Would you call this a deba with mioroshi hatsuke? Recalled you talked about this a while ago.


----------



## JBroida (Sep 12, 2012)

not quite... what we had talked about was mioroshi with deba hatsuke, but this is more like an ai-deba.


----------



## JBroida (Sep 12, 2012)

back to sharpening again...
http://twitcam.com/c0xnc


----------



## wenus2 (Sep 12, 2012)

Damn you flash!


----------



## Crothcipt (Sep 12, 2012)

Loving the stone action. I am just wondering how you keep it flat. Do you use a DMT, like with a stationary stone?


----------



## JBroida (Sep 12, 2012)

no... keeping it flat is a skill in and of itself... i use an axe


----------



## JBroida (Sep 12, 2012)

back up with some regular stone sharpening
http://twitcam.com/c0ymn


----------



## JBroida (Sep 12, 2012)

back up again... starting from uraoshi


----------



## schanop (Sep 12, 2012)

Permanent google hang out would have been easier, wouldn't it?


----------



## Cutty Sharp (Sep 12, 2012)

JBroida said:


> Since i'm not making blades here (yet)



Gosh... pretty soon he'll have Broida Hamono going, with his own Gesshin Broida line commissioned.


----------



## Cutty Sharp (Sep 12, 2012)

Morning now, over here in Seoul. I wake up, check emails, and find the sharpening livestream is on! Very soothing. Time to make coffee.


----------



## Crothcipt (Sep 12, 2012)

I myself like Justin.tv. The only draw back I have against it is they cater to Iphones.


----------



## JBroida (Sep 13, 2012)

schanop said:


> Permanent google hang out would have been easier, wouldn't it?

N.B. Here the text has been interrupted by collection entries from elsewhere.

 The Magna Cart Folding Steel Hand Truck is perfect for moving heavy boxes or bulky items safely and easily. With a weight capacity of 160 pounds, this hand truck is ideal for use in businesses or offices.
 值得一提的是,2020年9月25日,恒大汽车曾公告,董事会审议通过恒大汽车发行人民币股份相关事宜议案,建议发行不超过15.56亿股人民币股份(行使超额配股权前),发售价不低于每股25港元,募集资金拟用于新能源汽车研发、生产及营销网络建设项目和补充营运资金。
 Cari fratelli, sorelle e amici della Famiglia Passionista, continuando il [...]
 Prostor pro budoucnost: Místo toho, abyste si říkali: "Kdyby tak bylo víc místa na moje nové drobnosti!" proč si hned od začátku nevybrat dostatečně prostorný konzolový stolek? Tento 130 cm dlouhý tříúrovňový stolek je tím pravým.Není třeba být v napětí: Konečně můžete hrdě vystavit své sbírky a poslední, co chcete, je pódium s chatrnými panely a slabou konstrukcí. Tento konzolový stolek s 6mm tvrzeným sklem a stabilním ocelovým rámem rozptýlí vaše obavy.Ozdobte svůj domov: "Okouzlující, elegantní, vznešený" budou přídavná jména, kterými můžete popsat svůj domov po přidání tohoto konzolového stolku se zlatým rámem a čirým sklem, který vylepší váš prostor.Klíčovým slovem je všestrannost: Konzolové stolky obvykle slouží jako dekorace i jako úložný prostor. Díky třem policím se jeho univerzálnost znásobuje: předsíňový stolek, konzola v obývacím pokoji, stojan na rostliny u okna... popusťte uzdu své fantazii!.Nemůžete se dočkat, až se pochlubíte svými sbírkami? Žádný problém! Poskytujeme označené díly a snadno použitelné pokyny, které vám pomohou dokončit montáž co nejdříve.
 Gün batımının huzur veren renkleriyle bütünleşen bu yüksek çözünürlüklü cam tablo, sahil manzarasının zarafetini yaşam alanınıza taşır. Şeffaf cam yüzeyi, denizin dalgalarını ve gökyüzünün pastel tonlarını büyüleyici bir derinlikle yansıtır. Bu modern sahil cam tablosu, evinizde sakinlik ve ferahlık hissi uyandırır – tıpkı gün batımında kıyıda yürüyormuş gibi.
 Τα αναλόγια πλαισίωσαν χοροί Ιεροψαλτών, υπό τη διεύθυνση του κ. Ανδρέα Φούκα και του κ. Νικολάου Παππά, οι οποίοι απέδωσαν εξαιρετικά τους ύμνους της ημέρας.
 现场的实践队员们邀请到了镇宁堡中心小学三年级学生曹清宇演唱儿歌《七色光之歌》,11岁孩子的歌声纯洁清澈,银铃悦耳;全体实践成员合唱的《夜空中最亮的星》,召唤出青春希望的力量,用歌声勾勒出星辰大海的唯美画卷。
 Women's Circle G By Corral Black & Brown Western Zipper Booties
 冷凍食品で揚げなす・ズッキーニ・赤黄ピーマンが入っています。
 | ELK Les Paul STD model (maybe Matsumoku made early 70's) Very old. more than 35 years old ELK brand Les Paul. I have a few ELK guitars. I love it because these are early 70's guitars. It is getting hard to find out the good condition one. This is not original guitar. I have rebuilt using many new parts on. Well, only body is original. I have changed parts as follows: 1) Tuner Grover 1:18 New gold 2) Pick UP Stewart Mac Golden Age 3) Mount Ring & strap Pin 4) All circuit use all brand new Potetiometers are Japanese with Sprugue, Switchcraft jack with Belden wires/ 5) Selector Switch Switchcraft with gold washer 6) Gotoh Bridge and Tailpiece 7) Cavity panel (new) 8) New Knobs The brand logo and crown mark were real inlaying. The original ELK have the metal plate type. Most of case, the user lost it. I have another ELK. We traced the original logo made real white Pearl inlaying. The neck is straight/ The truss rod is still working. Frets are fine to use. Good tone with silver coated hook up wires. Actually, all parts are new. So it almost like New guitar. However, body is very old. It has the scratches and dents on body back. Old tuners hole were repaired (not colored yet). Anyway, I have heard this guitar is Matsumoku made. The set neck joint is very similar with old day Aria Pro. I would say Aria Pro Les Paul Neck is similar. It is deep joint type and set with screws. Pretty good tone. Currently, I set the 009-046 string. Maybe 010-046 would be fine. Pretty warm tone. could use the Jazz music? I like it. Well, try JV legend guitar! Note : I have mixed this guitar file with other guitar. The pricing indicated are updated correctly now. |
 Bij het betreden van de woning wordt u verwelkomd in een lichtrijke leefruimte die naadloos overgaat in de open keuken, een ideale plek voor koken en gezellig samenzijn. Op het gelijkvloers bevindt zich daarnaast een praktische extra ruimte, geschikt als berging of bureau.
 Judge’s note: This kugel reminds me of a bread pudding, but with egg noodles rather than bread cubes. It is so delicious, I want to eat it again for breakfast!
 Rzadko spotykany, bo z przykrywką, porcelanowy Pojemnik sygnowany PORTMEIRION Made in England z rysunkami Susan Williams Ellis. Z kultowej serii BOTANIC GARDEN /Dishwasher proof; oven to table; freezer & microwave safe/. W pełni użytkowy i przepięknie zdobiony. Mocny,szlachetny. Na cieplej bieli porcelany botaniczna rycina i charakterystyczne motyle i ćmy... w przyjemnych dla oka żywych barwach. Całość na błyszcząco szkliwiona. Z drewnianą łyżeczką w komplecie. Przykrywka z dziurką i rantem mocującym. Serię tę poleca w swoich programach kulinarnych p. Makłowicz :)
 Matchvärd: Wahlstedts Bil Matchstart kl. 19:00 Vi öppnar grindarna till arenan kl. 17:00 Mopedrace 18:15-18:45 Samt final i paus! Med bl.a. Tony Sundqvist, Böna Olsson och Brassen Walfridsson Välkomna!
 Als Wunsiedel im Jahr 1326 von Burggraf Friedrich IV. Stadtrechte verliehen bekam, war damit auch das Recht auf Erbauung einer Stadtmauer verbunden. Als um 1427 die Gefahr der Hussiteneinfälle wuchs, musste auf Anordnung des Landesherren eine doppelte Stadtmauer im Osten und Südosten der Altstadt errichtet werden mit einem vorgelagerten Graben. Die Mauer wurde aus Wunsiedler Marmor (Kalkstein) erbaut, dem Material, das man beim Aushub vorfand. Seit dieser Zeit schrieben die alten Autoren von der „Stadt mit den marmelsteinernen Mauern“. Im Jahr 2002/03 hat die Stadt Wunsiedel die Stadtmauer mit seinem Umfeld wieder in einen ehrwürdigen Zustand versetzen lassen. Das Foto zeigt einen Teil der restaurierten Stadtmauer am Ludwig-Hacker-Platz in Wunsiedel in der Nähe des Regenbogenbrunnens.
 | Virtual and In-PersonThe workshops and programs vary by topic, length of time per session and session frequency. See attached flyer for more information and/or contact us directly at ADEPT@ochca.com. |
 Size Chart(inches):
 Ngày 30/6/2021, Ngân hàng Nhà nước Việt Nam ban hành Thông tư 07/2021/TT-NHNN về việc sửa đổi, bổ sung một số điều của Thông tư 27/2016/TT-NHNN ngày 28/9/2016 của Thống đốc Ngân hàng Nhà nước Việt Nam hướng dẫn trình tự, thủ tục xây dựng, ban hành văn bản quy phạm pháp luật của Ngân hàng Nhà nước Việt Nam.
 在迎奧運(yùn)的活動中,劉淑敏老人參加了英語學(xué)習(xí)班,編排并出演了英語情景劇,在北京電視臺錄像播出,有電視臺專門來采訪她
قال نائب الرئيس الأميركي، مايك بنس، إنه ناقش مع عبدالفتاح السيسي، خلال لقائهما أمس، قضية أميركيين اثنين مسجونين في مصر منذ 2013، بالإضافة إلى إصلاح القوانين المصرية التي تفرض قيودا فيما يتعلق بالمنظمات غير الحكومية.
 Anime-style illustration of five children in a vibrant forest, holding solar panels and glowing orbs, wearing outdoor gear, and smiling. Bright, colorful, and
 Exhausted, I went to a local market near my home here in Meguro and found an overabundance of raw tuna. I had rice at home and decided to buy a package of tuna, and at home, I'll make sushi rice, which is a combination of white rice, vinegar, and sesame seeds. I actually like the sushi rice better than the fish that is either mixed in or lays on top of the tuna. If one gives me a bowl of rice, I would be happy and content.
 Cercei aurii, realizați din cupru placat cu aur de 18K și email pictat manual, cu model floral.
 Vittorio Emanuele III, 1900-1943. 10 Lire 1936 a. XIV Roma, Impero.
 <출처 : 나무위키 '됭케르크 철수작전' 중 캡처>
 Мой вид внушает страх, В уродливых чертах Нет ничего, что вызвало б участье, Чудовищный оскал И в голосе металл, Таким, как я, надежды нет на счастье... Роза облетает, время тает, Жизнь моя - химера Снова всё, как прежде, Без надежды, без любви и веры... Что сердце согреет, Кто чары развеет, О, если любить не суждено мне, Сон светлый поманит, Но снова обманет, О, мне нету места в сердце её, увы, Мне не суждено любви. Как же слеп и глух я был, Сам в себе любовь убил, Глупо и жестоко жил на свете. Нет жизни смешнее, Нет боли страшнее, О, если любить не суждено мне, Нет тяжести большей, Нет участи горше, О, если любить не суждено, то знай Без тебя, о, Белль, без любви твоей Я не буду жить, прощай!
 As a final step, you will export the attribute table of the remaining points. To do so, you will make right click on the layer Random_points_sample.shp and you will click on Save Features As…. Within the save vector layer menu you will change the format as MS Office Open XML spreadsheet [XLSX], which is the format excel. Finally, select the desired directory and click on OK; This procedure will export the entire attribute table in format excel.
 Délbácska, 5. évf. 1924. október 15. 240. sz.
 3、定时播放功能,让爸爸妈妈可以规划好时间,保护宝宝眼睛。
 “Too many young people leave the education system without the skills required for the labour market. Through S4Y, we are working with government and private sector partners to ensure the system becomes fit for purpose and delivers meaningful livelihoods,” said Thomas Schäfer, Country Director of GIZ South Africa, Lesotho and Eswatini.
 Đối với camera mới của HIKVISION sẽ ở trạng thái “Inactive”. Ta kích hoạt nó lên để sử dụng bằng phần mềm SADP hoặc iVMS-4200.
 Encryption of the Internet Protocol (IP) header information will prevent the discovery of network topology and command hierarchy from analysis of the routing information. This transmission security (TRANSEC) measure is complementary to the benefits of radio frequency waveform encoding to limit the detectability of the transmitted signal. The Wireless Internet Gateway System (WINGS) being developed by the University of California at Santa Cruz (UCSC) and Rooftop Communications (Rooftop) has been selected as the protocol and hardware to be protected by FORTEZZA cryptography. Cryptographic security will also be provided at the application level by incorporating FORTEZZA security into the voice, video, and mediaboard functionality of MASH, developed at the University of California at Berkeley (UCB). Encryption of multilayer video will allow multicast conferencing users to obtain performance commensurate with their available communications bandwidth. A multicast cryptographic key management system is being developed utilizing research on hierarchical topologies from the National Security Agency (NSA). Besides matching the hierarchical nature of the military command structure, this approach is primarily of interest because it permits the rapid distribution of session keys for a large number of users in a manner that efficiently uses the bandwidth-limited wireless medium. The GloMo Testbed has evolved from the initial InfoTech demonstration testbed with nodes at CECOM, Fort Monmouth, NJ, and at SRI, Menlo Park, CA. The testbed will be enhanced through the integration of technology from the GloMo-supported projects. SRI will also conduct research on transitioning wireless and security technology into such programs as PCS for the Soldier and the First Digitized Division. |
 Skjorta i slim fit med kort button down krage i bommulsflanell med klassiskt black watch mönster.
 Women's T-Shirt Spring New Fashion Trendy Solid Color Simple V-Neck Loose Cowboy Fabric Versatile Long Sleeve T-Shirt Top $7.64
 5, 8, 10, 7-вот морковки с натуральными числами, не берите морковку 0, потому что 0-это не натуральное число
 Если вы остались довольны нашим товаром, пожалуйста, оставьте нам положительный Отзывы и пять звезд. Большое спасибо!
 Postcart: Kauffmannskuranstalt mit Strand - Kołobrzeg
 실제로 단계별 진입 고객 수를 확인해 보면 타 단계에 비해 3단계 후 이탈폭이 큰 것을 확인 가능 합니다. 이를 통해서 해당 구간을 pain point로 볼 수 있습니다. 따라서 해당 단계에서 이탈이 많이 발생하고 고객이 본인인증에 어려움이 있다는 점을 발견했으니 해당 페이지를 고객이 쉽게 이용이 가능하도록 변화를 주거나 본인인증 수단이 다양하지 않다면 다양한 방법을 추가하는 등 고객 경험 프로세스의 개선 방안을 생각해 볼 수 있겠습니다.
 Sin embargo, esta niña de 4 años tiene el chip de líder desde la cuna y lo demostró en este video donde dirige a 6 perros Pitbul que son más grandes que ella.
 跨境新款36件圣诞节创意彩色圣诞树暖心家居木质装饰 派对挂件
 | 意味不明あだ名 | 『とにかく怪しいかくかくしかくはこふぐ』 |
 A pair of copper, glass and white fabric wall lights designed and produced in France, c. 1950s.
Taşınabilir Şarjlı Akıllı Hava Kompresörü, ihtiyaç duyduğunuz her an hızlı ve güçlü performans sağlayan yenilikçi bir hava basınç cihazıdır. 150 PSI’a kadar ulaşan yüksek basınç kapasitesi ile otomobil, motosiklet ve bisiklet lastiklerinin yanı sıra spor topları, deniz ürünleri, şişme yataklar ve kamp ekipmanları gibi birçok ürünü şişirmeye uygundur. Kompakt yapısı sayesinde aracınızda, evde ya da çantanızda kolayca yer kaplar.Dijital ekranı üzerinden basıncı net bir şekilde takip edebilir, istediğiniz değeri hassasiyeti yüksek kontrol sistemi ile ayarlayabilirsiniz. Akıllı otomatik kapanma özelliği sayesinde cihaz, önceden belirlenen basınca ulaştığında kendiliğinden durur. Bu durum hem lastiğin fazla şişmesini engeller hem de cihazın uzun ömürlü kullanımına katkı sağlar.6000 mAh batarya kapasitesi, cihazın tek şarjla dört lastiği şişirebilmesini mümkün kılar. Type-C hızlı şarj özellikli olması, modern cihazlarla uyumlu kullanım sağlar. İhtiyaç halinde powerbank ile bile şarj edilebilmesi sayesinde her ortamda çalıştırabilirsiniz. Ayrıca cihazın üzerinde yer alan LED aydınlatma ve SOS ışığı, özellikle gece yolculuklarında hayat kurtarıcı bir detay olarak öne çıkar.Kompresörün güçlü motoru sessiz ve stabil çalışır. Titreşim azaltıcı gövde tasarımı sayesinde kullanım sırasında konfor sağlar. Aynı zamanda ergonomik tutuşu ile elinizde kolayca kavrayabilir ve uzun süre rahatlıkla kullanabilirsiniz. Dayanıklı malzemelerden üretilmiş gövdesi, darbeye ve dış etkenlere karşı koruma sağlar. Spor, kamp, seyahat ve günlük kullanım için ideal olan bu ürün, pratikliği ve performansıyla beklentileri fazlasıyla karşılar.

google hangout limits the number of people that can interact and also it goes 2 ways, so i also have to pay attention to people instead of just sharpening... maybe if they make some new options i will go that route... quality on google is better for sure


----------



## [email protected] (Sep 14, 2012)

This live stream thingy.... I have to censor Jon's language so much. Every time he curses and use F words, you guys should come and slap him!


----------



## schanop (Sep 14, 2012)

how about cracking a whip? or a side of a wooden ruler on a knuckle?


----------



## SpikeC (Sep 14, 2012)

Sounds like it's time of a "curse jar"!


----------



## [email protected] (Sep 14, 2012)

How about the belt from our original apron + cursing jar!


----------



## Tatsuya (Sep 15, 2012)

[email protected] said:


> This live stream thingy.... I have to censor Jon's language so much. Every time he curses and use F words, you guys should come and slap him!


HAHA, that is awesome. I'm gonna watch more, if for nothing else, to hear some cussing.


----------



## Zwiefel (Sep 15, 2012)

heh....sounds pretty typical for back-of-the-house types...Gordon Ramsey proves that (sarcasm...kinda).


----------



## JBroida (Sep 15, 2012)

yeah... years of cooking will mess with your sense of whats ok and whats not


----------